Forse perché non voleva essere confuso con altri falsi
messia che circolavano al suo tempo? Forse, ma non solo. Così
facendo Gesù desidera mostrare in realtà che egli
è venuto per tutti, anche per i più lontani. Il
suo audace e meraviglioso modo di fare ci insegna che nessuna
persona, nessun luogo può essere così inadatto,
squalificato ed ultimo da essere escluso dalla sua presenza!

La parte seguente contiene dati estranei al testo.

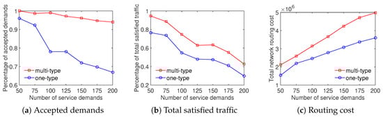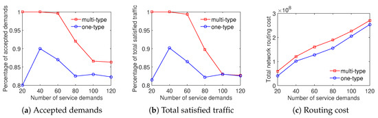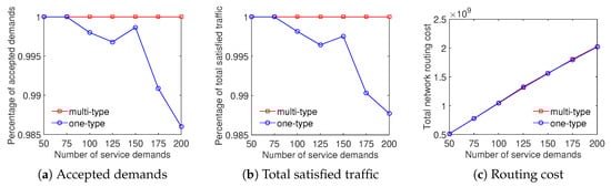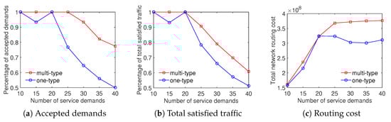 In four scenarios, the experiment results show that the Multi-type scheme outperforms the One-type scheme in both the total satisfied traffic objective and the ratio of accepted demands objective. Particularly, Figure 4 shows that the ratio of satisfied demands achieved by the Multi-type scheme is higher from 5% to 25% than that of the One-type scheme for the Internet2 dataset. The result of the percentage of total satisfied traffic is similar in this case. It can be seen from Figure 4c that the Multi-type scheme achieves a higher total network routing cost than the One-type scheme. The main reason is that the Multi-type scheme supports for much more network throughput therefore its resource utilization is larger. We can observe that the Multi-type scheme overcomes the One-type scheme not only the accepted demands and total traffic but also the total network routing cost in Figure 5 with the Bcube dataset. Moreover, the gap between the effective performance of the Multi-type scheme and the One-type scheme becomes larger with the increase of number of service demands when evaluating the ratio of supported demands and total satisfied traffic in Figure 5a,b. Figure 6 and Figure 7 illustrate the similar results for the Geant and Two-tier datasets. To summarize, the approach considering differentiated demands is effective in maximizing the total satisfied traffic.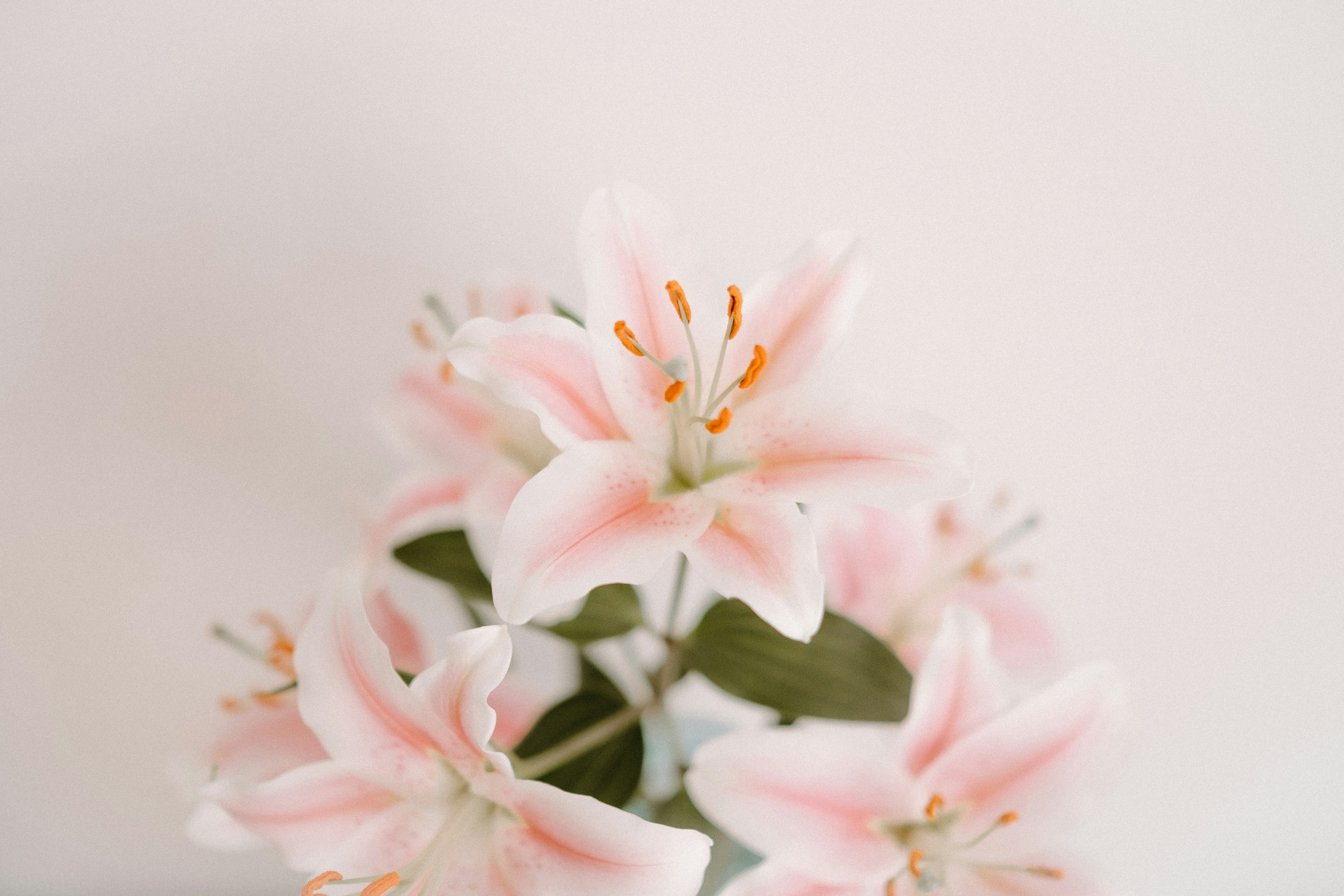 百合はとても大きな花びらを持つ豪華な花ですね。春の終わりから夏にかけて咲く花の百合は、白やピンクなどが人気です。
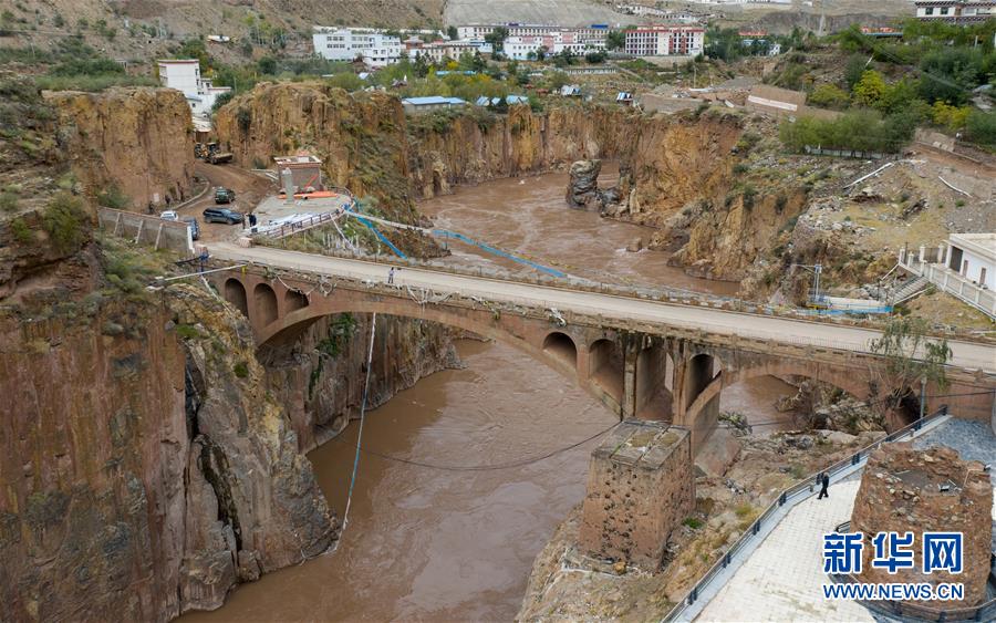 這是10月23日在芒康縣如美鎮(zhèn)無人機拍攝的318國道瀾滄江上的竹卡大橋。新華社記者江宏景攝

Non sarà dunque un caso che il Signore scelga un luogo
tanto disdicevole come la croce per rivelarsi come il Salvatore
toccando il cuore di un soldato pagano che lo riconoscerà
come il Figlio di Dio! Non un caso, ma l'estremo insegnamento
sul suo saper dar valore a ciò che noi riteniamo senza
valore.
Per sapere davvero chi sia Gesù e per diventare suoi discepoli
è necessario mettere da parte la nostra logica, le abitudini,
i luoghi stabiliti, le convenzioni, le discriminazioni degli
altri, perfino la non accettazione di ciò che di noi detestiamo
ritenendolo non adatto al Signore: solo così gli permetteremo
di venirci ad incontrare dove vuole.
Lasciare che
Gesù interroghi
Vi invito ora
ad entrare nel dialogo tra Gesù e i "Dodici".

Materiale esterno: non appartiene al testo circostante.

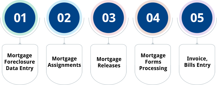 Our experienced professionals provide end-to-end support to real estate agents, housing authorities, realtors, title insurers, and other regulatory institutions in maintaining error-free, clean, and up-to-date data. Backed by a pool of subject matter experts, we extract data from Deed of Trust, County Clerk websites, Judicial Foreclosure Form, Federal Tax Liens, Homeowner Documents, and several Third Party Forms.
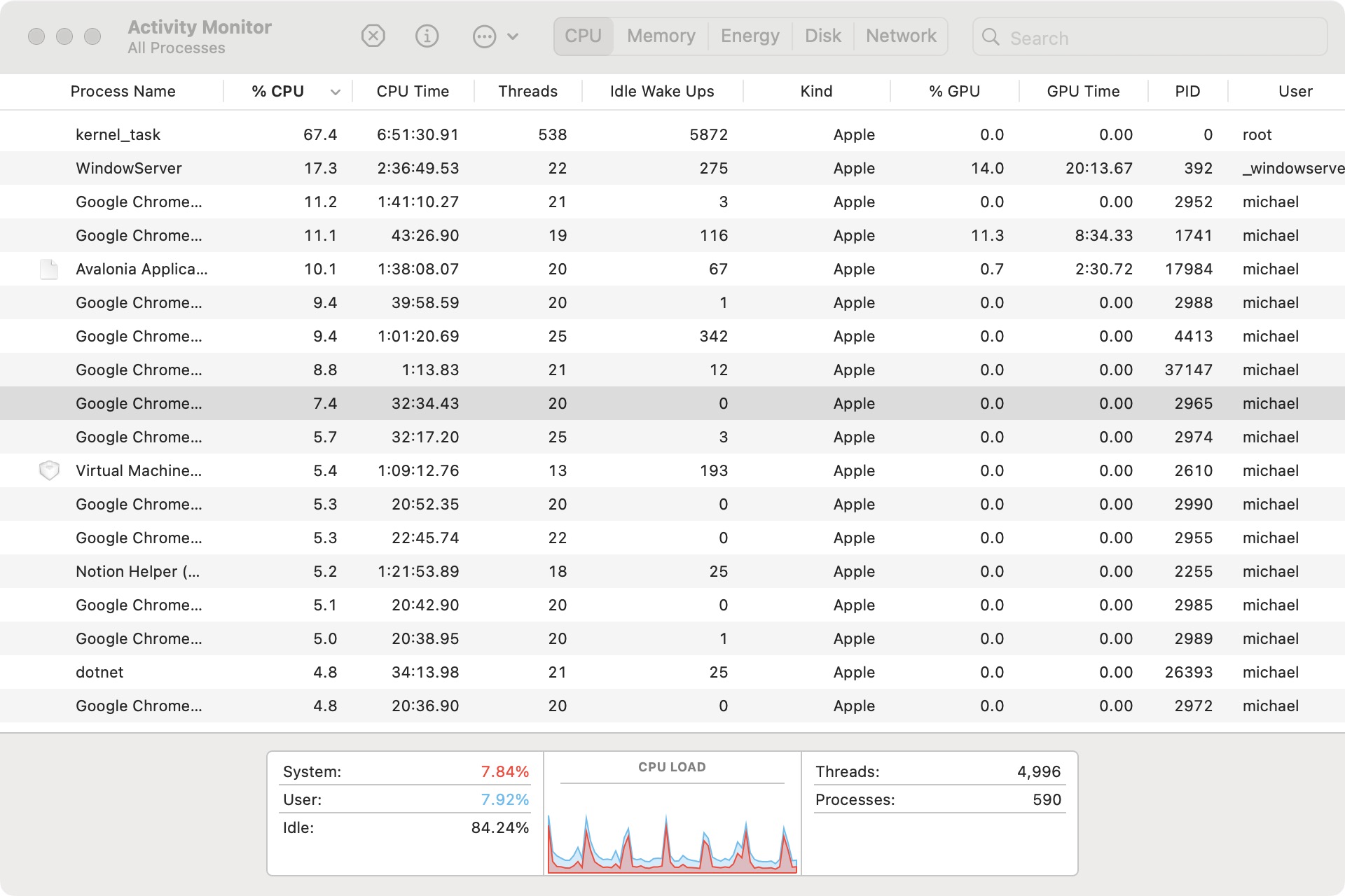 之前几乎就不关机,运行一个星期或者几个星期都不会卡。如果有软件出现异常也很明显就能发现,关闭异常的软件系统就可以恢复正常,某次进行了系统更新之后,系统运行一段时间就会卡顿。而且在活动监视器里面看不到可疑的内容。卡顿出现以后,必须重启系统才可以恢复。

Nella prima domanda egli chiede quali opinioni la gente avesse
di Lui ed apprende che il popolo lo stima, ma che ha le idee
confuse, dato che lo considera uno dei tanti profeti inviati
da Dio. La seconda domanda vibra forte nel cuore degli Apostoli.
È formulata in modo sobrio e coinvolgente: "Voi chi
dite che io sia?". Non si tratta più di riferire
opinioni di altri, ma le proprie, la propria esperienza di Gesù.

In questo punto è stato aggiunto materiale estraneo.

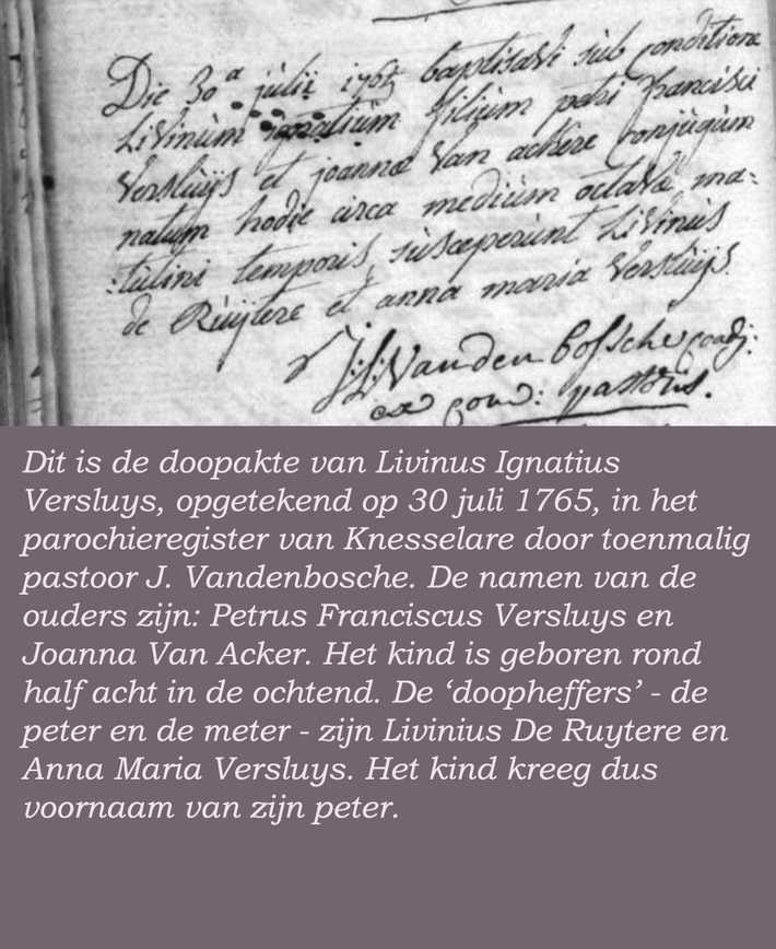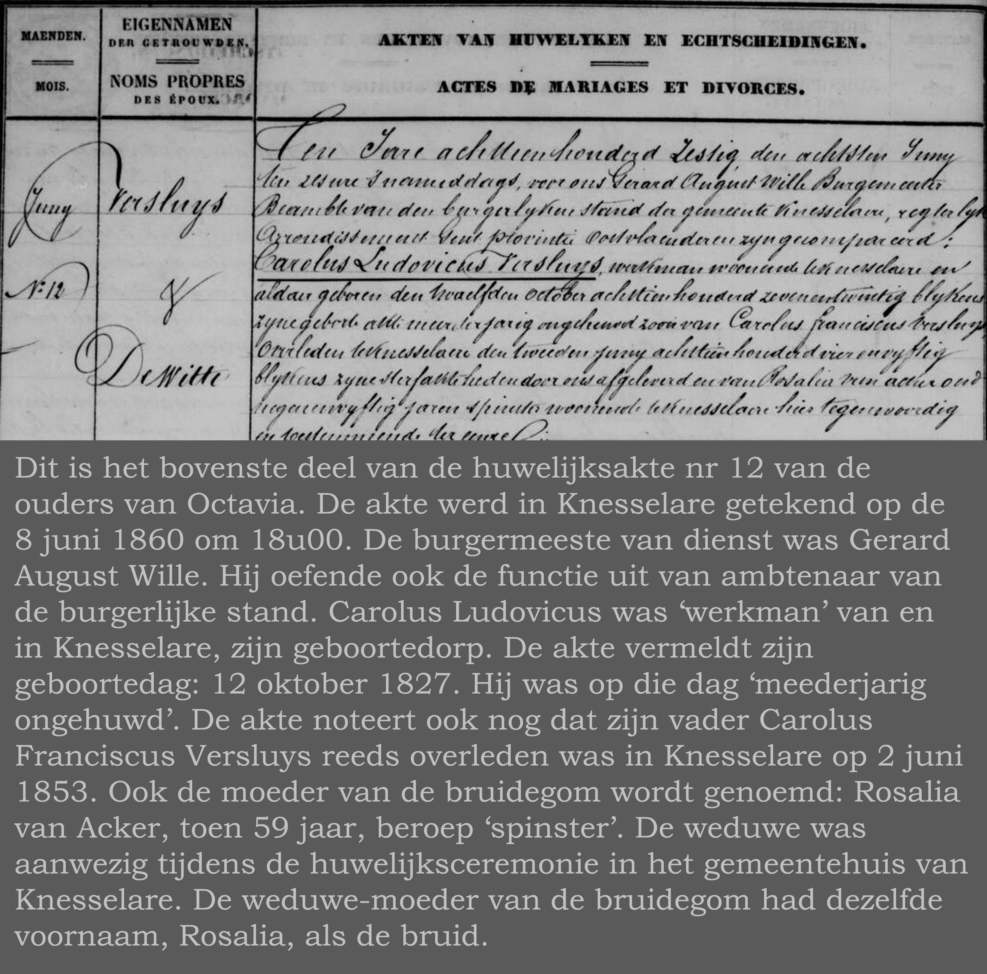 We beschikken over verschillende officiële stukken die betrekking hebben op de ouders en de voorouders van Octavia versluys. Met de akten van de vaderlijke afstamming van het geslacht Versluys in Knesselare keren we ver terug in de tijd. De voorstelling van de akten verloopt van dichtbij naar veraf.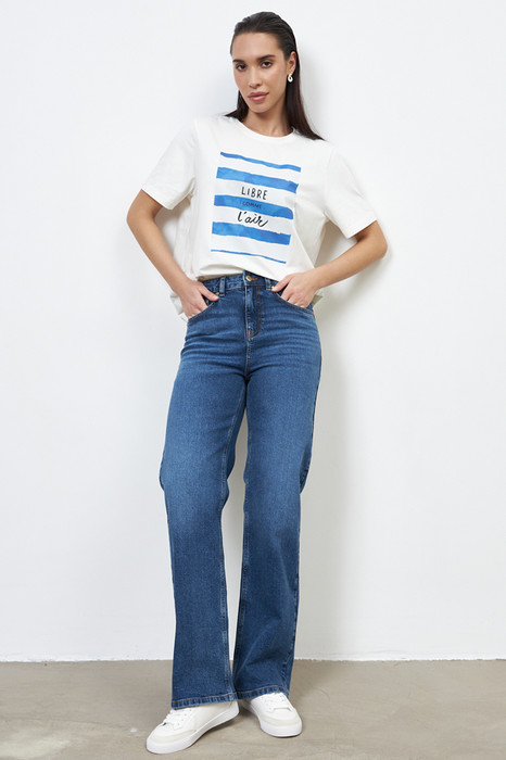Брюки из эластичного денима выполнены по классической джинсовой технологии (варка с эффектом легкого выбеливания). Прямой классический крой. На задней части брюк выполнены накладные карманы, на передней - карманы с подкройным бочком. Притачной пояс со шлёвками. Застёжка на молнию-гульфик и пуговицу.

La risposta, vibrante come la domanda, viene da Pietro che parla
a nome di tutti: "Tu sei il Cristo". Marco non ci dice
su cosa Pietro la fondi, lo scrive però Matteo affermando
che essa viene da Dio.
Il successivo ordine a non dire a nessuno quella risposta ci
fa capire che essa non era ancora completa, pur essendo giusta
e gradita a Gesù. E' giusta perché Pietro non mette
il Signore tra gli altri profeti, ma riconosce in lui una persona
unica che non deve essere confusa con nessun altro. È
incompleta perché l'Apostolo stenta a capire il motivo
per cui Cristo debba soffrire e morire prima di essere glorificato.
Imparare Gesù
da Gesù
Pietro ed i
"Dodici" iniziano a capire qualcosa sulla persona di
Gesù perché si lasciano interrogare da lui. Questo
vale allo stesso modo per noi. Il chiedere spetta a Gesù,
nostro è piuttosto il compito dell'ascoltare e del lasciarci
interrogare. Anche questo ci costituisce come discepoli credenti.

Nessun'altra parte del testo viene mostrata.